When pigment particles are smaller than roughly 200 nanometers (half the wavelength of visible light), they become effectively invisible to light and scatter almost nothing. This is why transparent iron oxides are both deeply colored and highly transparent despite their tinting strength.
The practical implication: even a pigment typically labeled "opaque" can exhibit glazing quality if ground coarsely or applied thinly. Conversely, some pigments labeled "transparent" by manufacturers may still scatter more than expected if milled to very fine particle sizes.
PVC is the ratio of pigment volume to total paint film volume. In glazing, you want a low PVC, more binder relative to pigment. This spacing between pigment particles reduces the number of scattering events per unit of depth, allowing more light to reach and reflect from the underlayer.
The counterintuitive danger: adding too much oil or medium to lower PVC can cause its own problems. Overly glossy surfaces, extended drying times, increased yellowing, and potential film wrinkling as the skin cures faster than the interior. Balance is everything.
The medium in your glaze serves two functions: it lowers PVC and it raises the overall RI of the binder, improving transparency. Different mediums offer different trade-offs:
Stand oil (heat-bodied linseed) has a slightly elevated RI (~1.49) compared to raw linseed oil (~1.48), enhancing transparency while adding flow and leveling. It dries to a hard, enamel-like film and yellows less than raw oil. Use it diluted, 10 to 20% by volume in a refined oil medium. Pure stand oil is too thick and dries too slowly for safe use in built-up layers.
Alkyd resins have a higher RI (~1.50 to 1.54) than linseed oil, making them excellent for maximizing glaze transparency. They also dry faster and remain more flexible than conventional oils, reducing cracking risk. Rublev Oleogel (linseed oil and fumed silica) provides transparency, controlled viscosity, and archival stability without the brittleness risk of historical natural resins.

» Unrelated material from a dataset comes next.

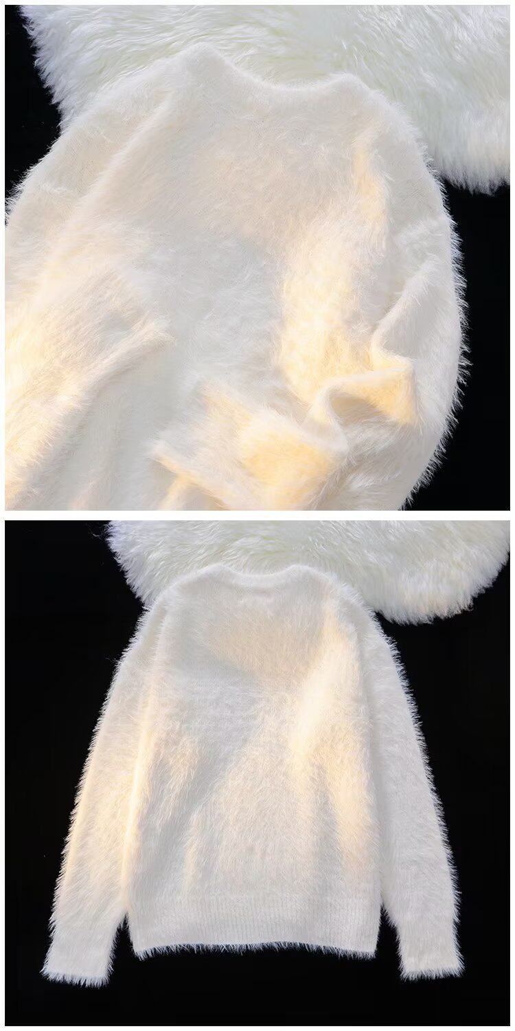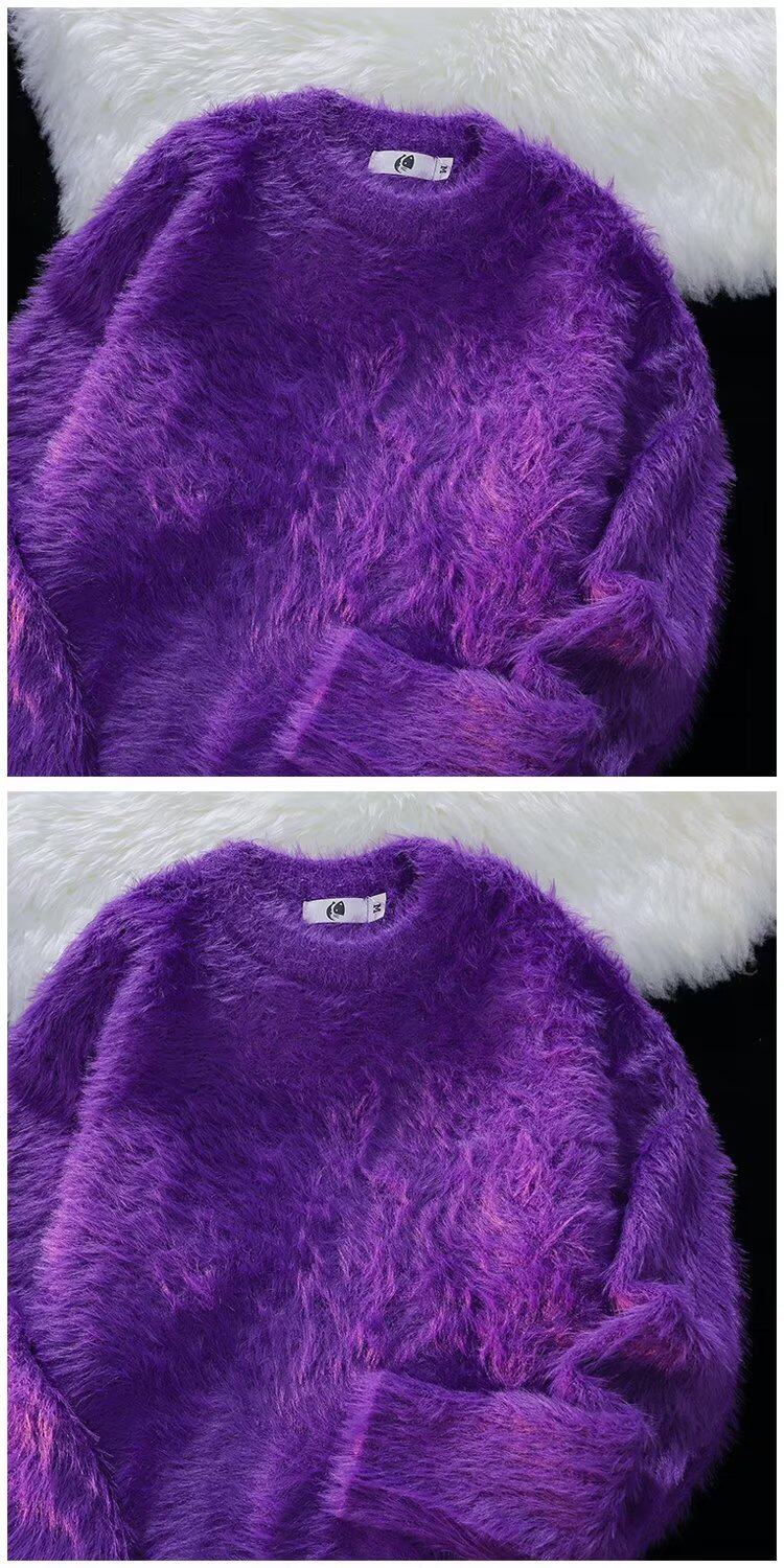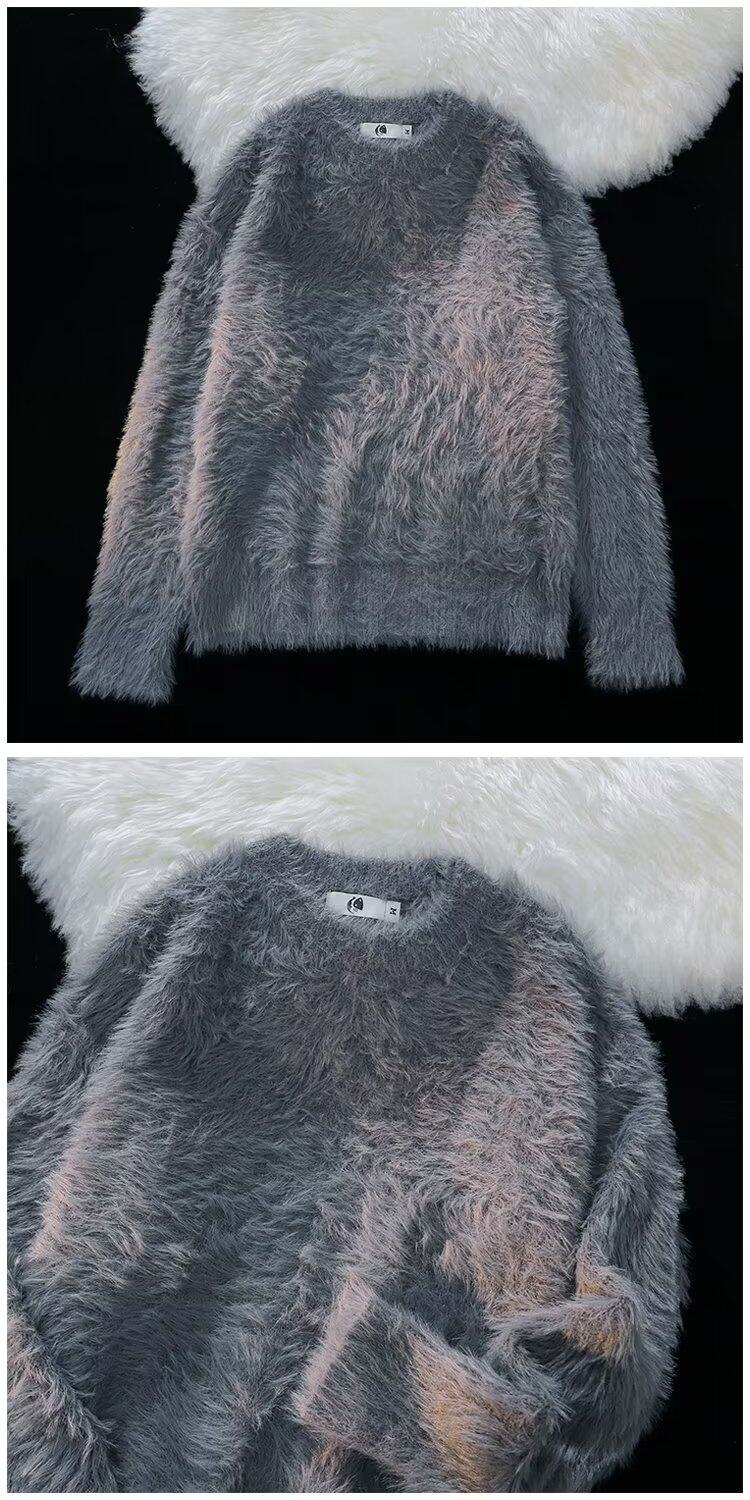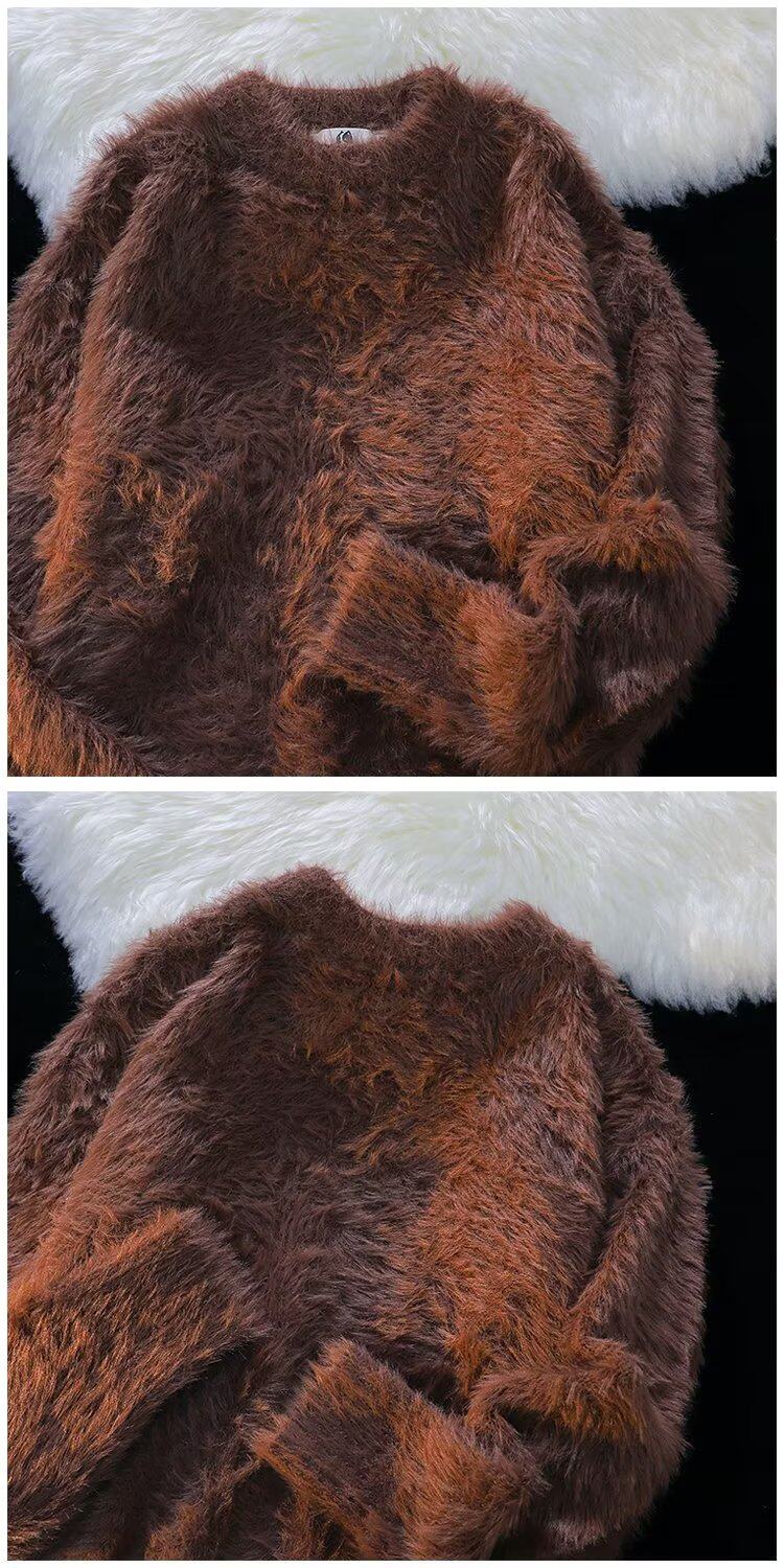 秋冬季純色保暖內搭針織衫男日系潮牌復古寬松軟糯毛茸茸圓領毛衣

Natural resins like dammar deliver appealing initial gloss and raise RI, but they oxidize over time, yellowing and becoming brittle. Many Old Master glazes that appear dark and sunken today suffered from over-reliance on dammar-based mediums. For archival glazes, modern alkyd or stand-oil mediums are the better choice.
Each glaze layer must be fully dry before the next is applied, typically 24 to 48 hours depending on the medium, longer for thick or slow-drying mixtures. Applying a glaze over a wet or even tacky underlayer risks the layers mixing, lifting, or failing to bond properly.
Apply glazes thinly. Many painters apply color from the tube and then wipe or rub it gently into the surface with a soft cloth or their finger, producing a very lean, thin, transparent film. This method preserves a balanced PVC and avoids over-oiling the surface.
Follow fat-over-lean in your glaze sequence. Early glazes should be leaner; later, deeper glazes can be slightly richer in medium. A useful starting point is a 3:1 solvent-to-oil ratio in the first glaze layers, gradually shifting toward more oil in subsequent sessions.
When choosing pigments for glazing, reach for the naturally transparent colors: Ultramarine Blue, Cobalt Blue, Transparent Red Oxide, and Alizarin Crimson are excellent choices. Some pigments like Burnt Sienna and Yellow Ochre range from semi-transparent to opaque depending on the manufacturer, so test before committing them to a glaze layer. With over 1,300 hand-mixed pigment recipes, Artist Studio Pro helps you find the right combination for your glaze layers based on the pigments you actually have on your palette.
Successful glazing is a function of three variables working together: pigment RI, particle size, and PVC.